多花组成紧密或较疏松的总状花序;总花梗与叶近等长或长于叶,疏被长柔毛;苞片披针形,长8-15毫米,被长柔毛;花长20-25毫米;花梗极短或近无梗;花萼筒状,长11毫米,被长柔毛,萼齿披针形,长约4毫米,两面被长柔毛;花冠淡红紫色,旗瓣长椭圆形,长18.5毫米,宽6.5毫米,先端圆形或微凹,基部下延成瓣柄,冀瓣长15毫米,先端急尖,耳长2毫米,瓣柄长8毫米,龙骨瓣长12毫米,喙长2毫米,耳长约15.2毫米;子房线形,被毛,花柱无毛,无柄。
==
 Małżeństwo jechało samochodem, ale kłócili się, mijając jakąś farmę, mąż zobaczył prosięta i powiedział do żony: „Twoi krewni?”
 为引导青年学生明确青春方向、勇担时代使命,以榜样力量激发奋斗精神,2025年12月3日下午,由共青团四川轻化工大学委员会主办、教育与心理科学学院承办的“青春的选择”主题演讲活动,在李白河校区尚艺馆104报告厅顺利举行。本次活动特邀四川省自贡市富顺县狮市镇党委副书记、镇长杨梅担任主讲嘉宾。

▸ WORK INSTRUCTIONS
The lines above starting at the one that contains "Małżeństwo jechało samochodem, ale" and ending at the one that contains "为引导青年学生明确青春方向、" must be transcribed exactly, and no other lines may appear.

▸ SOLUTION
 Małżeństwo jechało samochodem, ale kłócili się, mijając jakąś farmę, mąż zobaczył prosięta i powiedział do żony: „Twoi krewni?”
 为引导青年学生明确青春方向、勇担时代使命,以榜样力量激发奋斗精神,2025年12月3日下午,由共青团四川轻化工大学委员会主办、教育与心理科学学院承办的“青春的选择”主题演讲活动,在李白河校区尚艺馆104报告厅顺利举行。本次活动特邀四川省自贡市富顺县狮市镇党委副书记、镇长杨梅担任主讲嘉宾。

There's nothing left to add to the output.